Tu l’anima ad uscir del corpo astretta

Potrai tornar nel suo carcer giocondo.

E’ ver, che colpo al fin d’empia saetta

Torrà la tua; ch’a dirlo il mi confondo:

Ma dopo morte la bontà infinita

Ti farà don d’una perpetua vita.

 

Indi soggiunse; e tu mio padre caro

Alhor, banche divin, morir vorrai;

Che pel sangue de l’Hidra incendio amaro

Ne le ferite membra sentirai.

Ma non sia di pietade il cielo avaro,

E benigne le Parche troverai;

Ch’ordiscono lo stame de la vita,

E lo troncano poi, quand’è finita.

 

Ancor volea seguir; ma caldo pianto

Le uscì de gli occhi, e gemito del core:

E disse: Oime, che l’haver detto, quanto

M’ha spinto a dir profetico furore,

Lassa (ch’i nol pensai) m’offende tanto,

Che pii di favellar non ho vigore.

Ben forse il fallo mio non era degno

Da muover contra me celeste sdegno.

 

Ma, poscia ch’ei dovea tal frutto darmi,

Deh, perche il dono hebb’io d’esser profeta?
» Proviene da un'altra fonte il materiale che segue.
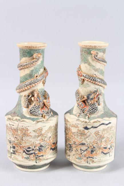 A PAIR OF JAPANESE SATSUMA DRAGON VASES with two large panels of figures and dragons around the necks.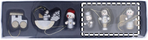 Set of 6 wooden Christmas tree hangers presented in a cardboard box with clear lid.

Ahi, che lasciar l’humana forma parmi,

E d’esser d’herba destosa e lieta.

Sento in Cavalla homai tutta mutarmi:

E’l cor nel petto mio piu non s’acqueta,

Anzi misera avvien, ch’arda et avvampi

Di gir correndo per gli aperti campi.

 

Se la paterna forma haver debb’io;

Ce cosi giovi a la mia stella ingrata;

Perch’una parte equina ha il padre mio,

Et esser ne debb’io tutta cangiata?

Qual peccato ho commesso iniquo e rio?

Ahi, che di danno m’è la lingua stata.

Non furo intese ben l’ultime note;

Che le fece altro suon di senso vote.

 

Prima ne d’huom, de di cavallo intero

Era quel son, ma simile a chi vuole

Finger uno annitrir superbo e fiero,

Ch’in tutto assomigliar però non suole:

Ma finalmente annitrir fu vero.

O quanto il buon Chiron si lagna e duole:

Quanto de l’esser suo tutta si scosse

La figlia, e piedi e man per l’herba mosse.

 

Le cinue dita una sol unghia indura,

S’allunga il collo, indi la fronte e’l volto;

E di coda serbò giusta misura

Gran parte del vestir, ch’iva sciolto.

Il crin, che parea d’ambra tersa e pura;

Come sparso giacea, negletto e sciolto;

Fu chiome di Cavalla, che senz’arte

Piegar del collo a la sinistra parte.

 

E cosi rinovò voce et aspetto

Quella infelice, e le rimase il nome.

Se Chiron pianse, e si percosse il petto,

Se fece ingiuria a le canute chiome;

E se gli venne a noia et a dispetto

La vita; lo potrete intender, come

Vi recherete nel pensier l’amore,

Che puo trovarsi in un paterno core.

 

Piange il giusto Chitone; e nel suo pianto

Indarno a Febo addimandava aiuto;

Però, ch’ei non potea tanto, ne quanto

Romper quel, che’l gran Giove hevea voluto:

E, quando ben potuto avesse, intanto

Esso era altrove umile e sconosciuto:

Perche da l’antro suo molto lontano

Di Messenia abitava il colto piano.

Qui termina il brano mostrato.